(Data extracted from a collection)

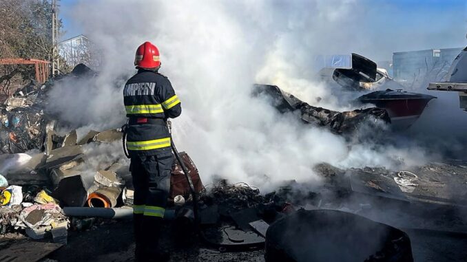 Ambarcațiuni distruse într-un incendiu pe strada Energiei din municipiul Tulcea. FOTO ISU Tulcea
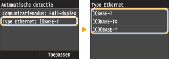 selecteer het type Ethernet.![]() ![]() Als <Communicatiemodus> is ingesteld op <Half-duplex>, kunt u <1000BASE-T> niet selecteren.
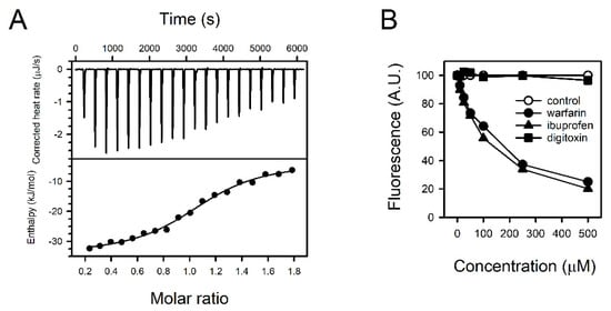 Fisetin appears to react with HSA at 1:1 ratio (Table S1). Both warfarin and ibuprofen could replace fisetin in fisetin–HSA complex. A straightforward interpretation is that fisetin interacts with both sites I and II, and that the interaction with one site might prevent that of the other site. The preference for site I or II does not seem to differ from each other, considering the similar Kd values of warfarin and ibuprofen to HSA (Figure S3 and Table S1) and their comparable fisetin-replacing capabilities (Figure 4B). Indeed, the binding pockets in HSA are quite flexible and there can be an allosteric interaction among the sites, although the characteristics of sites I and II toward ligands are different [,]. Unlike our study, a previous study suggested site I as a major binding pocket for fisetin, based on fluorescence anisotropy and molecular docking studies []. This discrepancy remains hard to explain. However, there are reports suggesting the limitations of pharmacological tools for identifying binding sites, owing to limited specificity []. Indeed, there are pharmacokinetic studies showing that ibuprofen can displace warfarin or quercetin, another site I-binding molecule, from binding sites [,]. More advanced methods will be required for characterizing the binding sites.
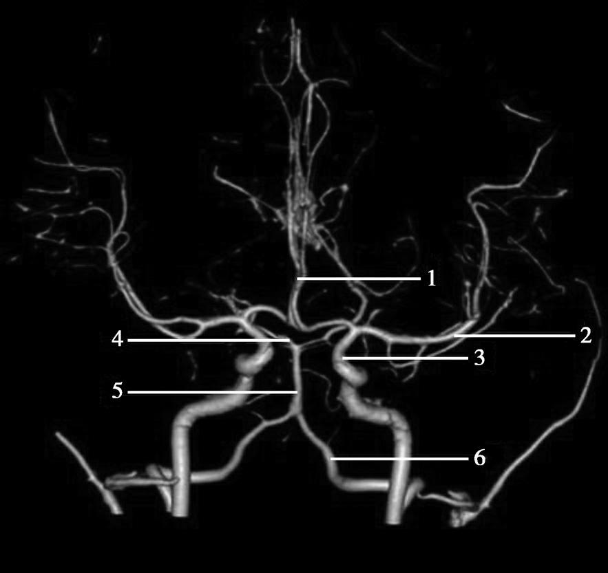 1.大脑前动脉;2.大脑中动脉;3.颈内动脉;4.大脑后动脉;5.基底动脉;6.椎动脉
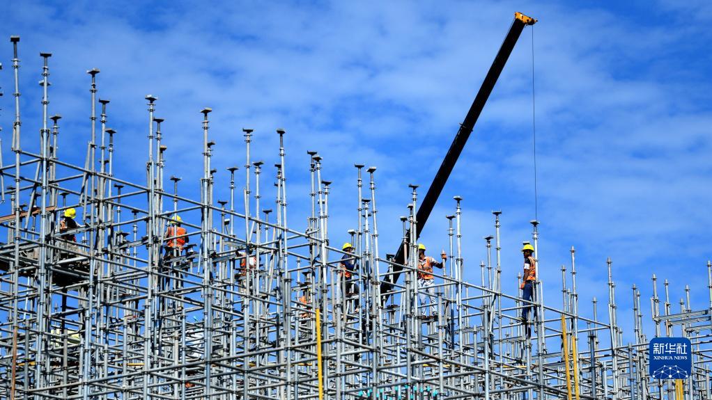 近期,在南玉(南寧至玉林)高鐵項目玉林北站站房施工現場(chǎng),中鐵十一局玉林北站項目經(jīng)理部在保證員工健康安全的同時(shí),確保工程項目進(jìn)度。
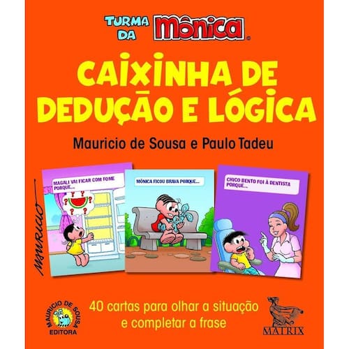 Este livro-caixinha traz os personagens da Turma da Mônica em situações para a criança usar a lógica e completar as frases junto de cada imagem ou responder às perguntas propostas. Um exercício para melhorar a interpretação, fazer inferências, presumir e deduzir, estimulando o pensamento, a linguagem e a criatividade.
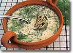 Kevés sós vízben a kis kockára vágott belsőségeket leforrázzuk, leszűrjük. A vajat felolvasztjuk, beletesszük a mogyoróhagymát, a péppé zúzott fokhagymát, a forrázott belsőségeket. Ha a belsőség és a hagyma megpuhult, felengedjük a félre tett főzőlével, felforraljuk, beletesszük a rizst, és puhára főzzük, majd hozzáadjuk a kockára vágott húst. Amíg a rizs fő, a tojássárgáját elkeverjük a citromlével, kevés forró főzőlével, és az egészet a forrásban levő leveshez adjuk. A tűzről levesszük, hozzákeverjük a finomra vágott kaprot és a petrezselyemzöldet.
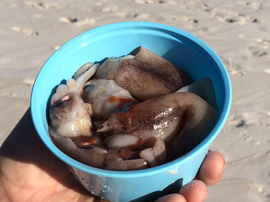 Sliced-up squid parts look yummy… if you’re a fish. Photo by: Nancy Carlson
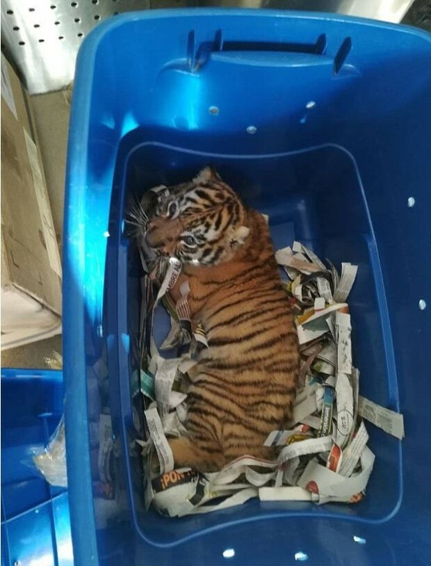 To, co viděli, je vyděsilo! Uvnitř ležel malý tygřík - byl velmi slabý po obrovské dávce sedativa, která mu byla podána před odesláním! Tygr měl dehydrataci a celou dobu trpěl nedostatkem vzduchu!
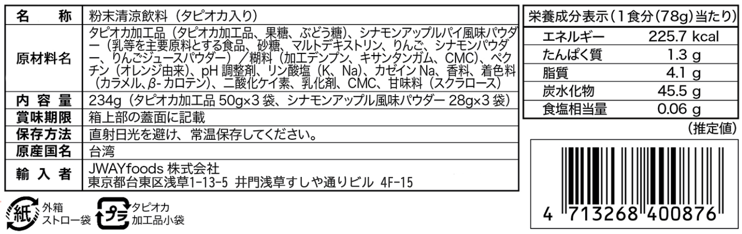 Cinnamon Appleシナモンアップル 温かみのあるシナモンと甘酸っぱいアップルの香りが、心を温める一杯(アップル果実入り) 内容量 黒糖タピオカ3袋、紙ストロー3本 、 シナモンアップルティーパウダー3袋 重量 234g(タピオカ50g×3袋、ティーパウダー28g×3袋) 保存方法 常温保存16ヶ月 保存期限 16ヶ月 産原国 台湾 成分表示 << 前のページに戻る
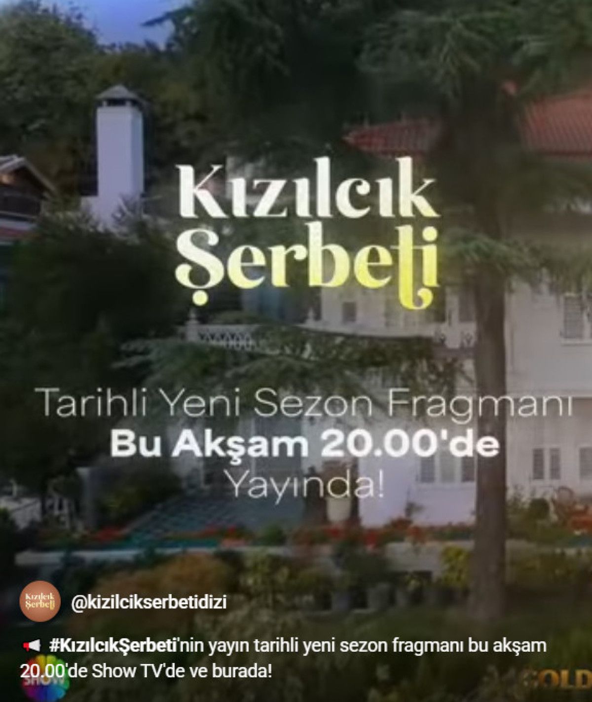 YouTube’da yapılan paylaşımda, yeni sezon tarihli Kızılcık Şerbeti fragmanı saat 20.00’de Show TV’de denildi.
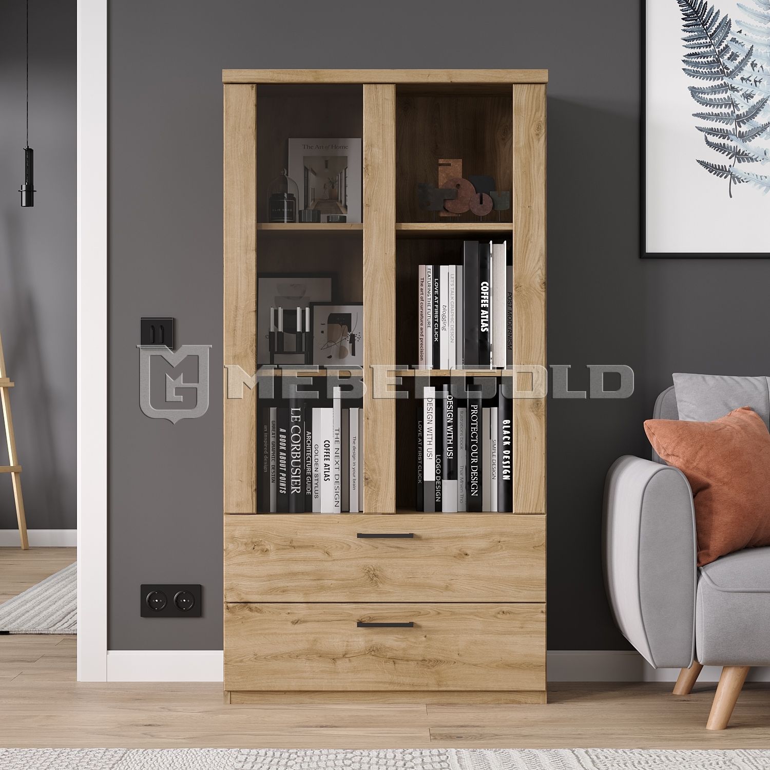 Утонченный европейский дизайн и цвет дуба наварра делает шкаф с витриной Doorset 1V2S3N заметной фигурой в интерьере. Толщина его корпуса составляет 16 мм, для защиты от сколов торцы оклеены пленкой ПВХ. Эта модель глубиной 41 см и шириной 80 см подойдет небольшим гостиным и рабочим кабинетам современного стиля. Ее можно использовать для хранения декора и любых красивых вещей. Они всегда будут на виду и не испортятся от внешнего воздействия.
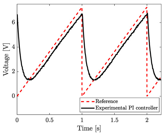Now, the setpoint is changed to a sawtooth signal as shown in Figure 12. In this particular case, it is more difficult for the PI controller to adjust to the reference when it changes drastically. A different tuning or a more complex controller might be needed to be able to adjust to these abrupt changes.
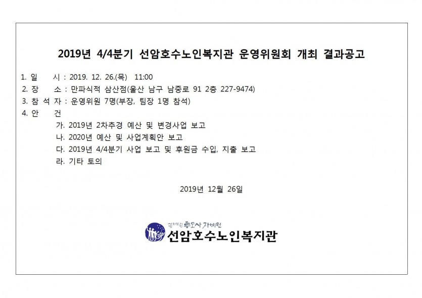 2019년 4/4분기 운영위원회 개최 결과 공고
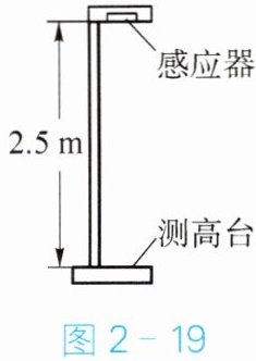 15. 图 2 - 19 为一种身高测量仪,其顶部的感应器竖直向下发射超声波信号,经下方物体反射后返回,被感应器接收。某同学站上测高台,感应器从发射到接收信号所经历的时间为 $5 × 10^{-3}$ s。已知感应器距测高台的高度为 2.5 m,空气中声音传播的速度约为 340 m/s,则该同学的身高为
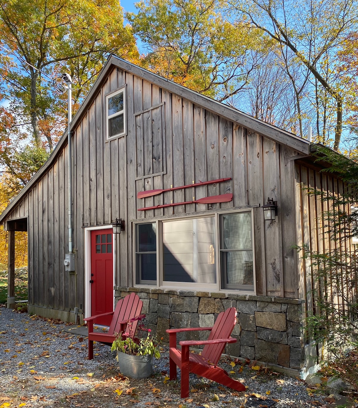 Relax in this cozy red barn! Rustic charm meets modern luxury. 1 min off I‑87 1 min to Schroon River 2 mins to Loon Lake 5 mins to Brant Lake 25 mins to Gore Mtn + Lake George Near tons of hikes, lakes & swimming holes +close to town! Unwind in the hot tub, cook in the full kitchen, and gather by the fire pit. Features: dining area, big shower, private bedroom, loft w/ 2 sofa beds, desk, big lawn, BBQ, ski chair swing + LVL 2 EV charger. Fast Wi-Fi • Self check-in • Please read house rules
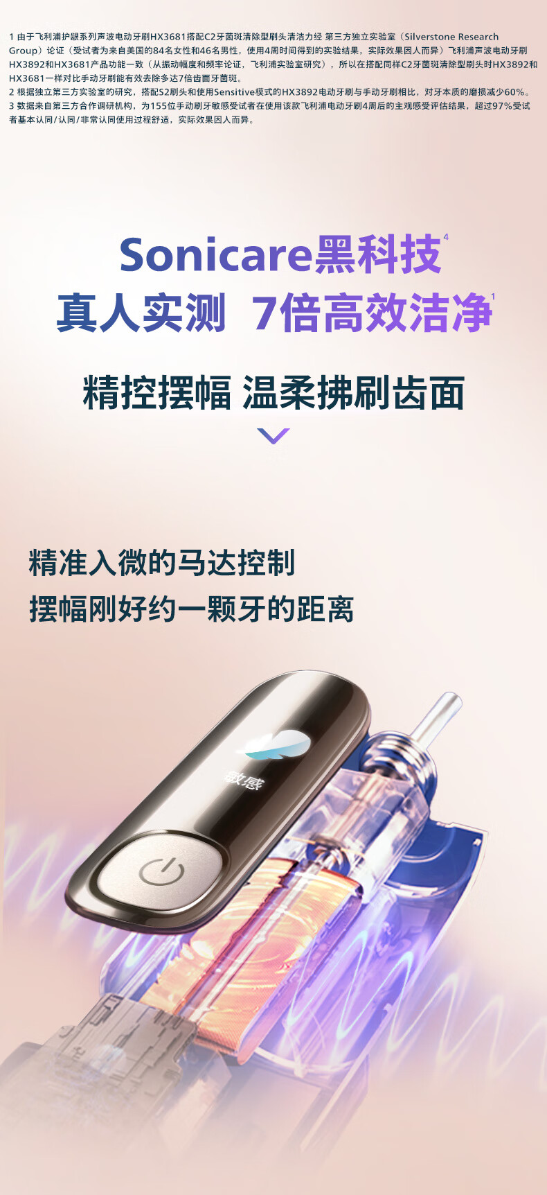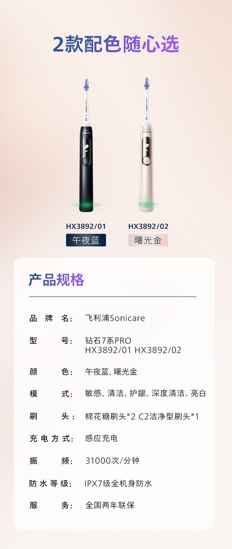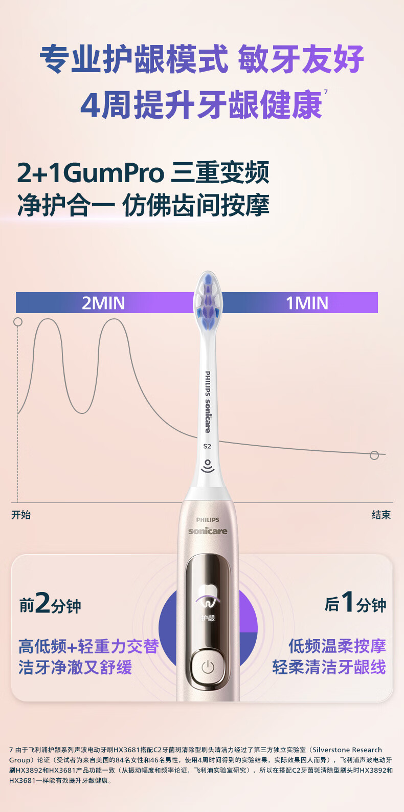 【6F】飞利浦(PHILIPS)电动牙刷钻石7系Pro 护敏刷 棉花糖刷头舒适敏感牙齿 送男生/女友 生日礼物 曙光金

- _EXERCISE BRIEF_
In the records above, find the line with "To, co viděli, je" and the line with "YouTube’da yapılan paylaşımda, yeni"; please transcribe exactly those two lines and all lines between them, omitting any picture.

- _OUTPUT FOR THIS TASK_
 To, co viděli, je vyděsilo! Uvnitř ležel malý tygřík - byl velmi slabý po obrovské dávce sedativa, která mu byla podána před odesláním! Tygr měl dehydrataci a celou dobu trpěl nedostatkem vzduchu!
 Cinnamon Appleシナモンアップル 温かみのあるシナモンと甘酸っぱいアップルの香りが、心を温める一杯(アップル果実入り) 内容量 黒糖タピオカ3袋、紙ストロー3本 、 シナモンアップルティーパウダー3袋 重量 234g(タピオカ50g×3袋、ティーパウダー28g×3袋) 保存方法 常温保存16ヶ月 保存期限 16ヶ月 産原国 台湾 成分表示 << 前のページに戻る
 YouTube’da yapılan paylaşımda, yeni sezon tarihli Kızılcık Şerbeti fragmanı saat 20.00’de Show TV’de denildi.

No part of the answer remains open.